How has A/Wisconsin/67/05(H3N2) contributed to our understanding of influenza virus evolution and adaptation?

A/Wisconsin/67/05(H3N2) has made significant contributions to our understanding of influenza virus evolution and adaptation through several key insights:

• Receptor binding adaptations:

  • Demonstrated how S193F and D225N mutations in HA can alter receptor specificity

  • Revealed the balance between immune evasion and receptor binding functionality

  • Illustrated evolutionary trade-offs between antigenic drift and receptor affinity

• NA functional plasticity:

  • Revealed the capacity of NA to acquire receptor binding function through D151G/N/A mutations

  • Demonstrated how a single amino acid change can fundamentally alter protein function

  • Highlighted the importance of D151 in restricting NA specificity to complement HA function

• Host adaptation mechanisms:

  • Showed different adaptive pathways in different culture systems (eggs vs.
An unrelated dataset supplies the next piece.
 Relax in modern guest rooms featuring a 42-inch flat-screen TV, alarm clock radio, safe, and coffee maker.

MDCK cells)

  • Illustrated how passage conditions can select for distinct viral subpopulations

  • Provided insights into constraints on influenza evolution in different host environments

These findings have enhanced our understanding of influenza virus adaptation mechanisms and the molecular determinants of host range, with implications for surveillance, vaccine development, and pandemic preparedness.
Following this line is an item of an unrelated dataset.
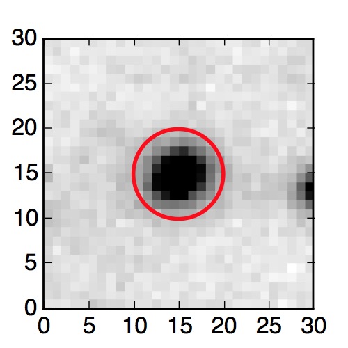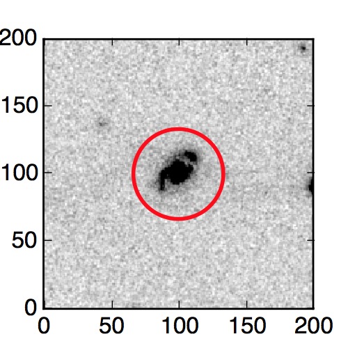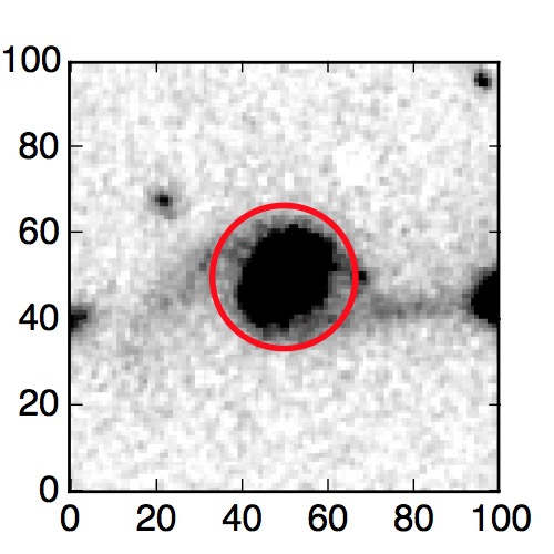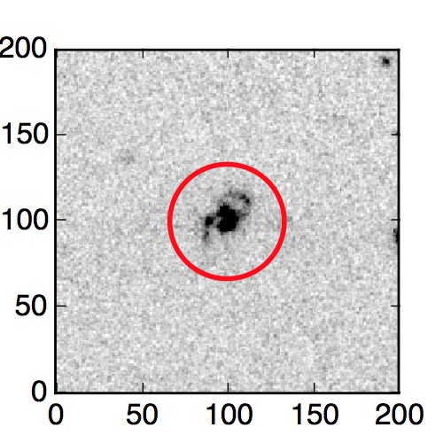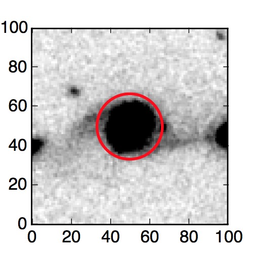 The red circle in the various panels is 1" in radius. The images are 6"x6".

What lessons from A/Wisconsin/67/05(H3N2) research can be applied to current challenges in influenza surveillance and vaccine development?
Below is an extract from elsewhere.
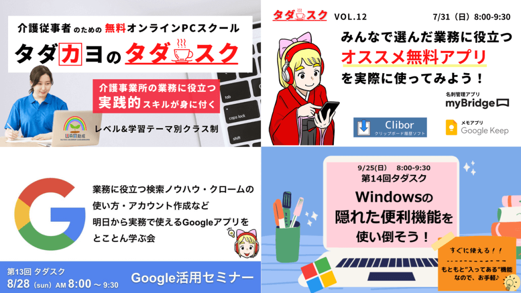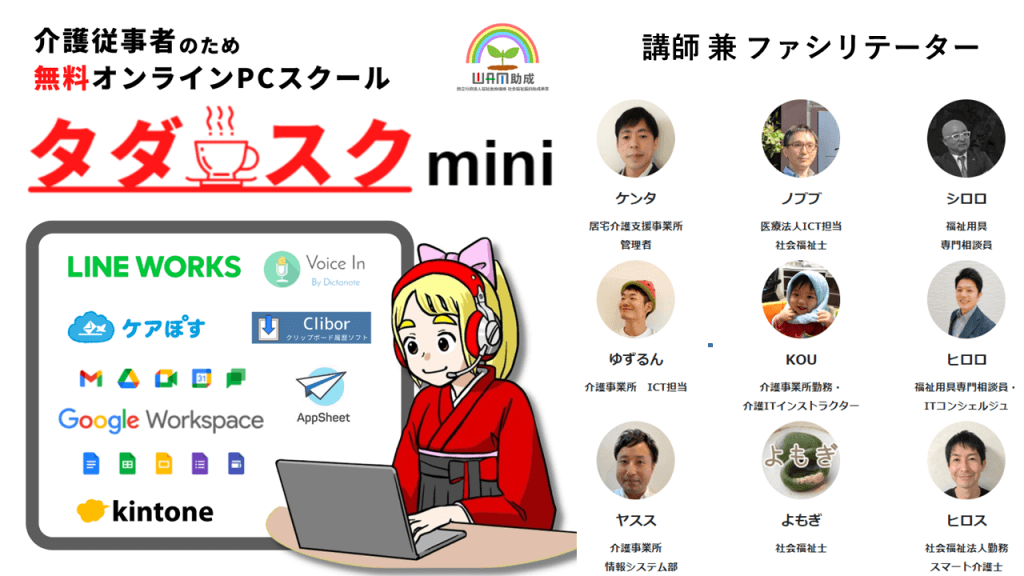 「介護従事者に実践的なICTスキルを届けたい!」という想いから始めた無料オンラインPCスクール「タダスク」。

Research on A/Wisconsin/67/05(H3N2) has yielded valuable lessons applicable to current challenges in influenza surveillance and vaccine development:

• Antigen characterization methodology:

  • Include neuraminidase inhibitors in hemagglutination inhibition assays when characterizing H3N2 viruses

  • Use multiple assay systems (HI, neutralization, ELISA) for comprehensive antigenic analysis

  • Consider both HA and NA contributions to viral antigenicity

• Vaccine production considerations:

  • Be aware of passage-dependent mutations that may alter viral properties

  • Understand how growth substrate (eggs vs. cell culture) affects vaccine strain characteristics

  • Consider alternative platforms like DNA vaccines that avoid adaptive mutations during production

• Surveillance implications:

  • Monitor both HA and NA sequences for mutations affecting receptor binding

  • Recognize that minor viral subpopulations may have significant functional impacts

  • Use deep sequencing to detect mixed viral populations in clinical samples

• Cross-protection strategies:

  • Design vaccines targeting conserved epitopes identified through comparative studies

  • Consider multivalent approaches that induce broader immunity

  • Evaluate cross-protective potential against diverse influenza strains

These lessons highlight the importance of comprehensive characterization of influenza viruses and adapting methodologies to account for the unique properties of each strain, ultimately improving our ability to monitor antigenic drift and develop effective vaccines.